Edit: Found the answer for number 1. :-)

@GoranSMilovanovic
Hi Goran,
one other question has come up about the page views. I was wondering if the numbers in the spreadsheet are correct? Because for example on some days, there are no page views from desktop (e.g. 5th of January) and this does not seem very probable and also the report states otherwise, if I see the numbers correctly. Could you update the numbers in the spreadsheet as well? I need them to calculate the results from the A/B-Test.... thank you!

@Christine_Domgoergen_WMDE @WMDE-leszek

I am currently working on T239200, T239199, and there are things that have a set deadline for tomorrow (e.g. updating the Wikidata Languages Landscape system). As soon as I can switch focus to this campaign I will get back to you.

Hi @Christine_Domgoergen_WMDE

in respect to T240351#5911537:

in the concept I found the information that there are two banners, one to attract new members (responsibility of fundraising department) and one to attract new editors (our responsibility). As I understood the banner impressions in the report only refer to our banner (tagged with "thx"), correct?

Yes.

I need to calculate the closing and extension rate of the banner from the banner actions table - do you have the data from 1.14 in a spreadsheet?
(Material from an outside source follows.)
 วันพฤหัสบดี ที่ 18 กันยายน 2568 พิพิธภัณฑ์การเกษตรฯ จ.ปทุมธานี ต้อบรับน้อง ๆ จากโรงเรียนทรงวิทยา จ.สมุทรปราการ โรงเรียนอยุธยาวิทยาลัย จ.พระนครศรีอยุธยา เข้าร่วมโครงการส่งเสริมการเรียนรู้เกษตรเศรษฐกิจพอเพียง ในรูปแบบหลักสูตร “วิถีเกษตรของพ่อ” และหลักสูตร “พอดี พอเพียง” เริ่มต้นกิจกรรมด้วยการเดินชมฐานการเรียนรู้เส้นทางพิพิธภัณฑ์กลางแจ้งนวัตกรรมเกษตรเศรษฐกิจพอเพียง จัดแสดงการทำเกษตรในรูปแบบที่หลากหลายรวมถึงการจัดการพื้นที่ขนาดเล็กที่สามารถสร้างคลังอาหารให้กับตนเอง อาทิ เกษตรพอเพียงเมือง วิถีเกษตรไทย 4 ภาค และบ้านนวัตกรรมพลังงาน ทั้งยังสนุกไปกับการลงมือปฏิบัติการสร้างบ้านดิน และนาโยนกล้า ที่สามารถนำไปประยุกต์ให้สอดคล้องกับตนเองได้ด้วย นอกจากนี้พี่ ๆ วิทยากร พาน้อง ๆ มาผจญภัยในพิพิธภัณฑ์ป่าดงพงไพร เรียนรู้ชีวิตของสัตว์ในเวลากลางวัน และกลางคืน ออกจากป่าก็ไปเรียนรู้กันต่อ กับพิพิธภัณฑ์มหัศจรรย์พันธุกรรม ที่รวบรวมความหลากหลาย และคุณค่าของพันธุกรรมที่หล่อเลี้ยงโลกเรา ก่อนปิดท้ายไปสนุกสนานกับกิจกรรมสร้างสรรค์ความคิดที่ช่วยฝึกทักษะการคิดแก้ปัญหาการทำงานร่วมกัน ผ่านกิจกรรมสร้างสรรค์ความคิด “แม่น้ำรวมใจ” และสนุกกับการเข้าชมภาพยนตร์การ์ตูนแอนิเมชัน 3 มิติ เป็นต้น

I will deliver the spreadsheet during the day, however, I can calculate the rates for you if you prefer.

user edits 3.1. do I understand correctly: in total four users made edits, one user in each edit class?

Yes.

user edits: until which date did you check the user edits after the end of the campaign?
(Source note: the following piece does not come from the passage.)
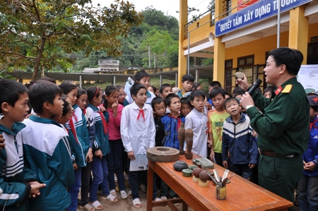 QĐND - Một buổi học thật đặc biệt vừa được Văn phòng cơ quan thường trực-Ban Chỉ đạo “Chương trình hành động quốc gia khắc phục hậu quả bom, mìn sau chiến tranh” và Cục Tuyên huấn (Tổng cục Chính trị) tổ chức dành cho giáo viên và hơn 300 học sinh tại Trường THCS xã Quốc Khánh, huyện Tràng Định, tỉnh Lạng Sơn. Đứng lớp là những cán bộ thuộc Cục Tuyên huấn và Trung tâm Công nghệ xử lý bom mìn (Binh chủng Công binh). Giáo cụ cho buổi học là các loại bom, mìn, đạn, vật liệu gây nổ...

The user edits were considered beginning from 2020/01/01 and until the time the interim report was produced: 2020/01/27 (see: T240351#5833762).

the report ist still named interim report - do you still wait on more data or is there another reason for the naming?
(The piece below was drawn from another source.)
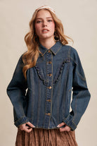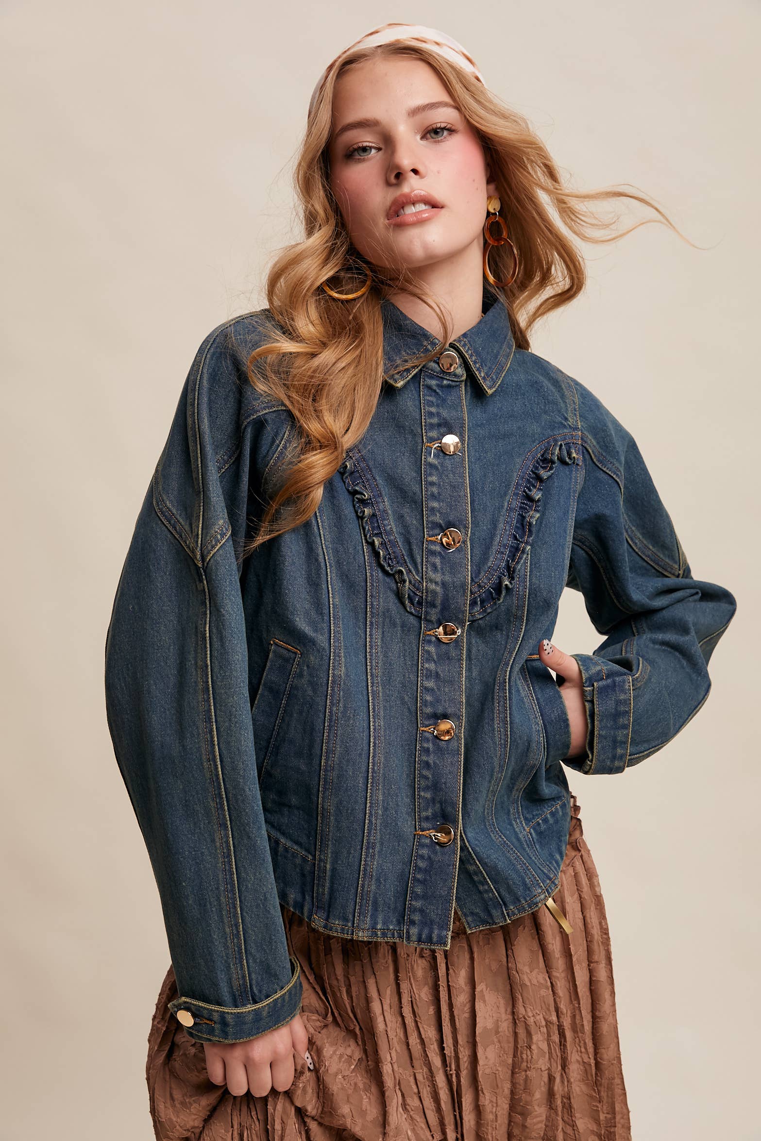 Western Ruffle Trim Denim Jacket LJ0263: Mellow Indigo / M

It is still named "interim" because I have waited to hear from @Janina_Ottma_WMDE if there is anything else to be done here. We were about to discuss what A/B tests are needed, for example.

@Christine_Domgoergen_WMDE In respect to T240351#5919056:

I was wondering if the numbers in the spreadsheet are correct? Because for example on some days, there are no page views from desktop (e.g. 5th of January) and this does not seem very probable and also the report states otherwise, if I see the numbers correctly. Could you update the numbers in the spreadsheet as well? I need them to calculate the results from the A/B-Test.... thank you!

Could be. I will check-out during the day and then get back to you. The spreadsheets are always used for daily reporting during the campaign; what is in the report should be taken as the de facto information on the campaign. However if the spreadsheets are what you need, no problem, just give me some time to generate them for you.

As of the banners, and since you were not involved in this campaign or at least not that I know, please also take into your consideration this: T240351#5820231

Getting back to you soon.

@Christine_Domgoergen_WMDE

I need to calculate the closing and extension rate of the banner from the banner actions table - do you have the data from 1.14 in a spreadsheet?

Here it goes:

@Christine_Domgoergen_WMDE Also, I have noticed that some charts are not properly sorted on the horizontal axis representing date.

Here is an updated version of the report with the charts properly sorted. No modifications to the data sets were made.

@GoranSMilovanovic

Great, thank you for the updates.

I will deliver the spreadsheet during the day, however, I can calculate the rates for you if you prefer.

Could you really do this? This would be very helpful indeed.

Could be. I will check-out during the day and then get back to you. The spreadsheets are always used for daily reporting during the campaign; what is in the report should be taken as the de facto information on the campaign. However if the spreadsheets are what you need, no problem, just give me some time to generate them for you.

Perfect.

@Christine_Domgoergen_WMDE

In the updated version of the report (shared here), the banner actions rates are included in section 1. 1. 4. immediately following the full data set for banner actions.

@Christine_Domgoergen_WMDE

The reporting spreadsheets are now made tidier and are certainly fully consistent with the data in the Report.

@GoranSMilovanovic
Great, thank you!

In the updated version of the report (shared here), the banner actions rates are included in section 1. 1. 4. immediately following the full data set for banner actions.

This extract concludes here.